I do the same. However, when I'm _really_ getting blown off by a nurse, (and it's usually a travel nurse, float, someone who's new or doesn't work in the ER often) I'll stick my head out of the PT's room and ask the charge nurse, "Who's taking report in here?" 

Works like a champ.

I'm lucky that I now know most of the nurses at the various EDs pretty well. And if the same nurse who took the radio report is in the room, I'll just say, "nothing changed since we talked last..."


----------



## HotelCo (May 5, 2011)

I give a short report most of the time (unless it's a complex pt), and ask of there is anything else they'd like to know. (everything I know should be on the run sheet as well).


----------



## phideux (May 6, 2011)

I like to keep on the nurses good side. I'll give them whatever pertinent info I got, which varies greatly depending on the situation. While I'm giving my info, I'm usually hooking the patient up to the hospitals monitor, and starting the nurses first set of vitals for them.
(habit I guess, I just finished about 400hrs of clinicals in the ER. While there I was the official IV, Blood Draw, 12 Lead, vitals, patient history guy).  
We're getting ready to run about 20 million people through here in the next 5 months of tourist season. With 3 large motorcycle rallies thrown in for some extra excitement. I like being one of the guys the ER nurses like on a crazy Friday night.


----------



## iancg1 (May 6, 2011)

Thanks guys. Most of the time we do it pretty quickly here too. Pt name, age, and MIST.


----------



## zmedic (May 6, 2011)

HotelCo; said:
			
		

> I give a short report most of the time (unless it's a complex pt), and ask of there is anything else they'd like to know. (everything I know should be on the run sheet as well).



Be aware that unless your run sheet is completely filled out and handed to the nurse when you move the patient over, it will likely never be looked at. It sucks but fact of life. I know it's often not possible to have your run form done in areas with short transport times. But the MD/RN isn't going to go hunting for the form half an hour later, they are just going to ask the patient the info.


----------



## MrBrown (May 6, 2011)

This is true, the hospital copy of the PRF will go into the folder but will probably never be looked at


----------



## mycrofft (May 6, 2011)

*We had bad interface.*

Ambulance company had a form dictated by local health dept, but local ER's felt they were not included in the planning (in fact, no one was). These legal sized three-carbon copy extravaganza's were regularly thrown out as we handed them across.


----------



## Monkey (May 6, 2011)

If it's any sort of interfacility, then short due to the fact the nurse has gotten a turnover from the other RN (IE: ER to ER, SNF to ER, vice versa, etc, ad naseum)
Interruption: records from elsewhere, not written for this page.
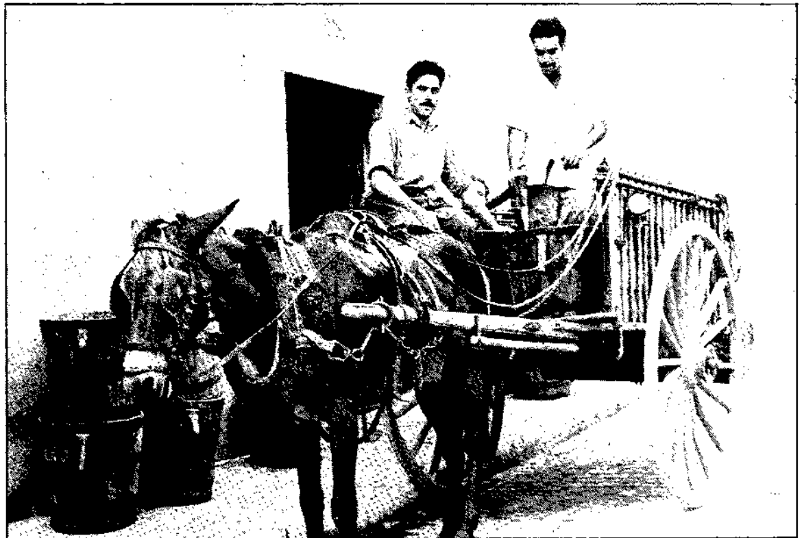
Cap a casa.

Mataró era una de les zones més riques de la comarca en la producció de vi. L'any 1935 es comptaven 63 cellers. Can Palauet, Can Plana, Can Vergada, Can Palau, Can Martí, Can Cusachs... eren, entre altres, els de més anomenada. Restaven ubicats, generalment, al bell mig de la ciutat, en els carrers més centrals: carrer de la Concepció, Plaça Xica, carrer d'en Palau, la Riera, carrer d'en Pujol, camí Ral... Solament al carrer de Santa Teresa n'existien quatre.
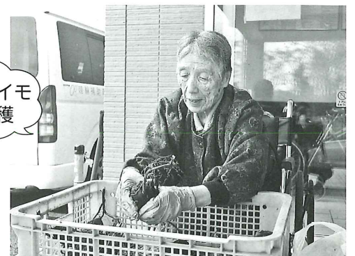
サツマイモの収穫
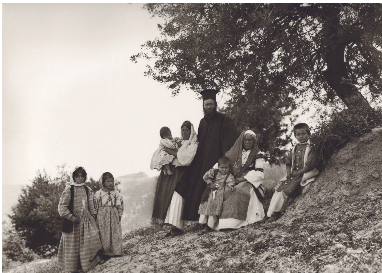
Ἱερέας μέ τήν οἰκογένειά του στό Ζεμενό Κορινθίας, 1903

ὁ ἀπόστολος Πέτρος στή νέα ἐν Χριστῷ πραγματικότητα, ὅπως τῆ διατυπώνει στήν ἐπιστολή του: «Ἵμεῖς δὲ γένος ἐκλεκτόν, βασιλεῖον ἱεράτευμα, ἔθνος ἅγιον, λαὸς εἰς περιποίησιν, ὅπως τὰς ἀρετάς ἐξαγγείλητε τοῦ ἐκ σκοτοῦς ὑμᾶς καλέσαντος εἰς τὸ θαυμαστόν αὐτοῦ φῶς» (Ἀ΄ Πέτρ. 2,9).
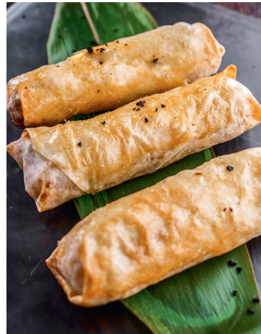
СПРИНГ РОЛЛ С КУРИЦЕЙ 60 60
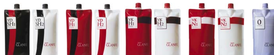
〈リシオ グランフェ〉
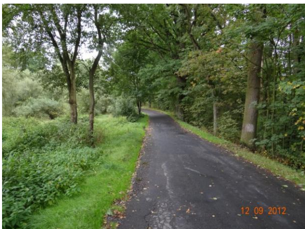
Komunikace III/21325 s trubní propustí v tělese náspu.
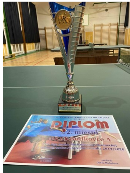
Cena za 2.miesto pre OKST Budkovce A v ročníku 2019/2020
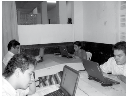
Figura 5. Maratón de programación periodo 2009-1.

El evento tuvo lugar en el aula de dibujo. Esto permitió la motivación de los estudiantes, una mejor organización del aula y de las condiciones en las que los participantes contaban para la realización de sus programas [ver figura 5].
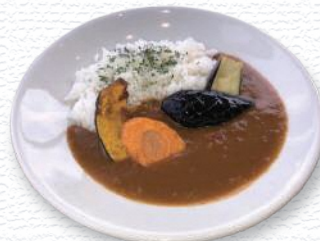
窪畑ファーム / 鶴岡市
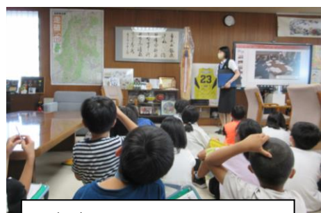
4年生 県庁の動きを知る「長野見学」

If it's a 911 or the like, then detailed as possible.


----------



## AMF (Jun 12, 2011)

Wait, you hand the nurses your PCR?  Like, as in a piece of paper?

You do have computers in your ambulance, right?

Some nurses have a habit of just brushing off the paramedics and getting the subjective from the patient again or waiting to evaluate, which is often like ignoring half the report.

Which is great when the paramedic is actually an ER doctor.


----------



## HotelCo (Jun 12, 2011)

AMF said:


> Wait, you hand the nurses your PCR?  Like, as in a piece of paper?
> 
> You do have computers in your ambulance, right?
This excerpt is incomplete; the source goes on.